━━━ Data section

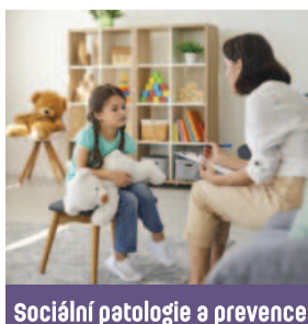
Sociální patologie a prevence
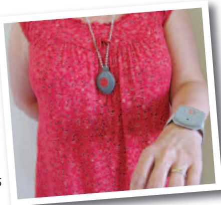
Collier et montre connectés à la téléassistance

Les interventions liées à l'accompagnement permettent le maintien d'une vie sociale et par des échanges et des activités, de rompre l'isolement.
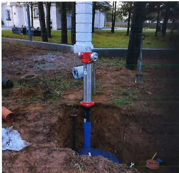
Zdjęcie nr 9 – Wymiana hydrantu p.poż w miejscowości Barany ul. Żabie Oczko
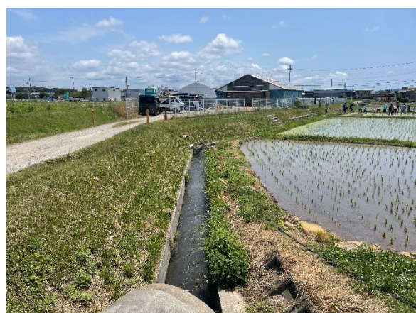
②集合場所(2 日目)の風景
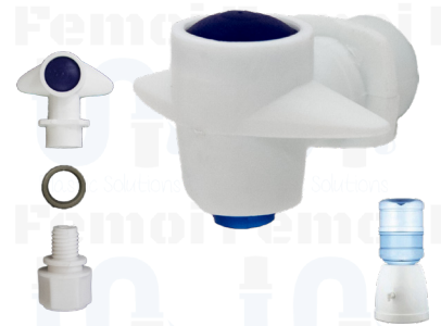
GRIFO DISPENSADOR DE BOTELLON (CHURUN MERU) G0003
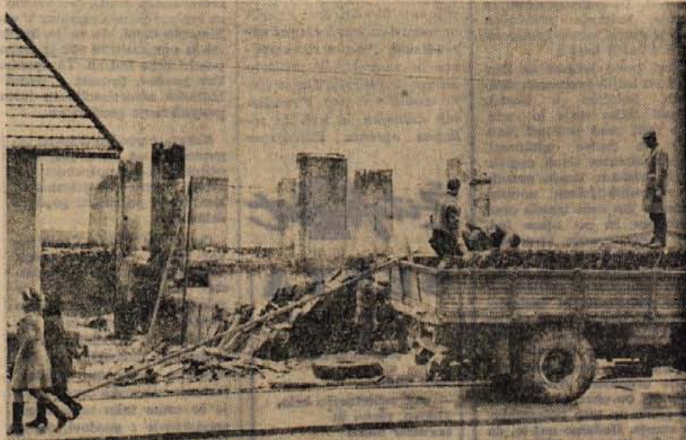
Na Jesenicah so pred kratkim začeli rušiti hišo nasproti starega gasilskega doma. S tem bodo napravili prostor novogradnjam, čeprav se ne vedo, kaj bodo zgradili na tem mestu, ker zazidalni načrt za to področje še ni izdelan (Jk)
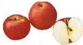
Apples of New York, 1905, Sa Beach.

IL existe une Reinette du Canada Rouge : vues de 1905, USA.
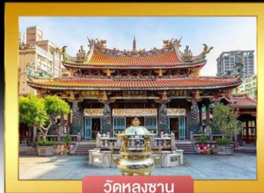
วัดหลงชาน
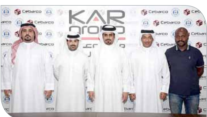
الجهاز الإداري الجديد مع رئيس النادي
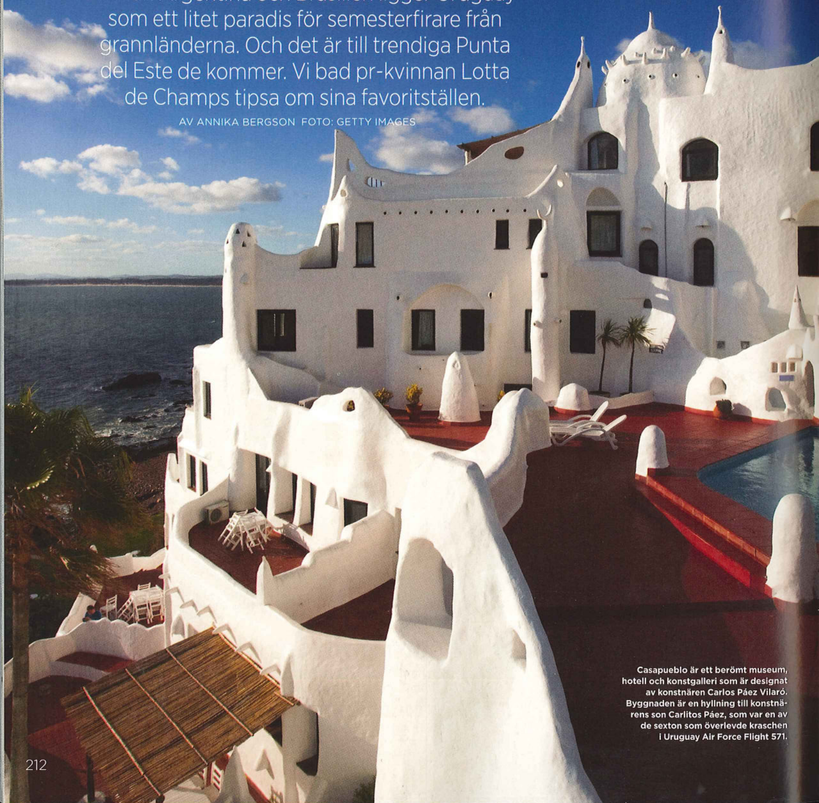
Casapueblo är ett berömt museum, hotell och konstgalleri som är designat av konstnären Carlos Páez Vilaró. Byggnaden är en hyllning till konstnärens son Carlitos Páez, som var en av de sexton som överlevde kraschen i Uruguay Air Force Flight 571.
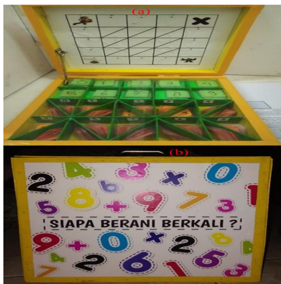
Gambar 3. Alat peraga “Kotak Siapa Berani Berkali”, (a) tampak dalam dan (b) tampak depan

Adapun hasil dari alat peraga “Kotak Siapa Berani Berkali” dapat ditunjukkan seperti pada Gambar 3.
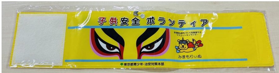
東京都 見守り腕章

市防犯課では、ながら見守り活動に役立つグッズを配布しています。 防犯効果を高めるためにも、ぜひ着用をお願いします。 ※数に限りがあるため、配布個数を制限する場合がありますのでご了承ください。
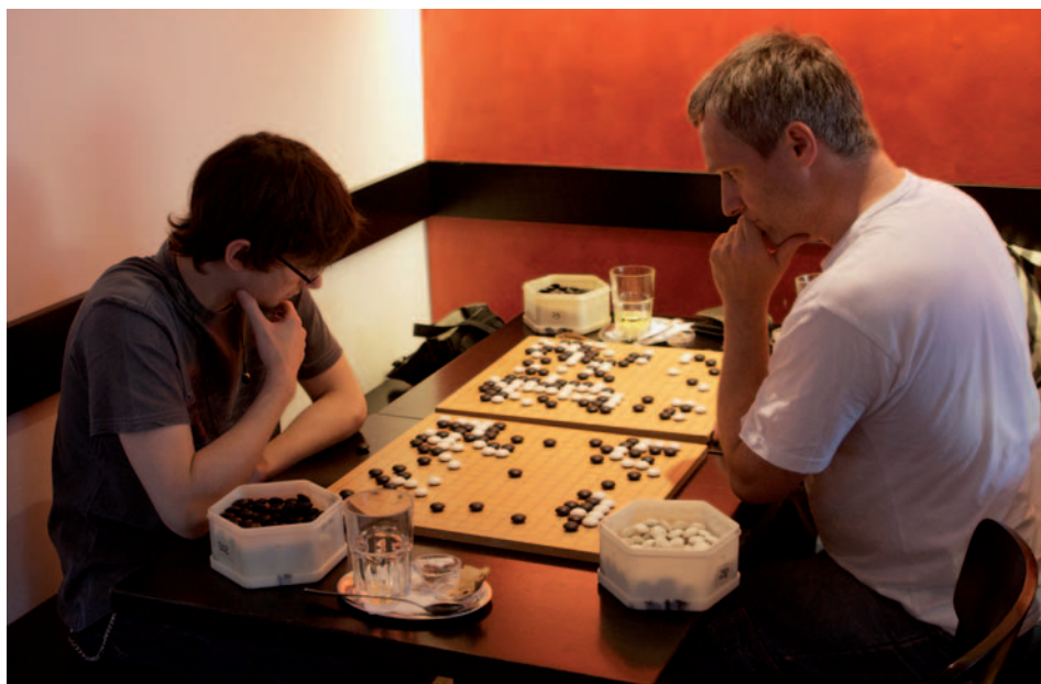
Zwei Winterthurer Spieler bei einer Partie Go am allwöchentlichen Spieleabend im Bistro Fahrenheit.

Der Go-Club Winterthur pflegt die Spielkultur des asiatischen Brettspiels Go im Raum Winterthur. Im November wird bereits zum elften Mal das jährliche Herbstturnier durchgeführt – eine gute Möglichkeit, das faszinierende Spiel kennenzulernen. Was es mit dem Spiel auf sich hat und was diesen Denksport so interessant macht, erfahren Sie in diesem Artikel.

━━━━━━

• What to do: Retype the records exactly. Any image in them should not appear in what you write.

• Result of the exercise:
Sociální patologie a prevence
Collier et montre connectés à la téléassistance

Les interventions liées à l'accompagnement permettent le maintien d'une vie sociale et par des échanges et des activités, de rompre l'isolement.
Zdjęcie nr 9 – Wymiana hydrantu p.poż w miejscowości Barany ul. Żabie Oczko
②集合場所(2 日目)の風景
GRIFO DISPENSADOR DE BOTELLON (CHURUN MERU) G0003
Na Jesenicah so pred kratkim začeli rušiti hišo nasproti starega gasilskega doma. S tem bodo napravili prostor novogradnjam, čeprav se ne vedo, kaj bodo zgradili na tem mestu, ker zazidalni načrt za to področje še ni izdelan (Jk)
Apples of New York, 1905, Sa Beach.

IL existe une Reinette du Canada Rouge : vues de 1905, USA.
วัดหลงชาน
الجهاز الإداري الجديد مع رئيس النادي
Casapueblo är ett berömt museum, hotell och konstgalleri som är designat av konstnären Carlos Páez Vilaró. Byggnaden är en hyllning till konstnärens son Carlitos Páez, som var en av de sexton som överlevde kraschen i Uruguay Air Force Flight 571.
Gambar 3. Alat peraga “Kotak Siapa Berani Berkali”, (a) tampak dalam dan (b) tampak depan

Adapun hasil dari alat peraga “Kotak Siapa Berani Berkali” dapat ditunjukkan seperti pada Gambar 3.
東京都 見守り腕章

市防犯課では、ながら見守り活動に役立つグッズを配布しています。 防犯効果を高めるためにも、ぜひ着用をお願いします。 ※数に限りがあるため、配布個数を制限する場合がありますのでご了承ください。
Zwei Winterthurer Spieler bei einer Partie Go am allwöchentlichen Spieleabend im Bistro Fahrenheit.

Der Go-Club Winterthur pflegt die Spielkultur des asiatischen Brettspiels Go im Raum Winterthur. Im November wird bereits zum elften Mal das jährliche Herbstturnier durchgeführt – eine gute Möglichkeit, das faszinierende Spiel kennenzulernen. Was es mit dem Spiel auf sich hat und was diesen Denksport so interessant macht, erfahren Sie in diesem Artikel.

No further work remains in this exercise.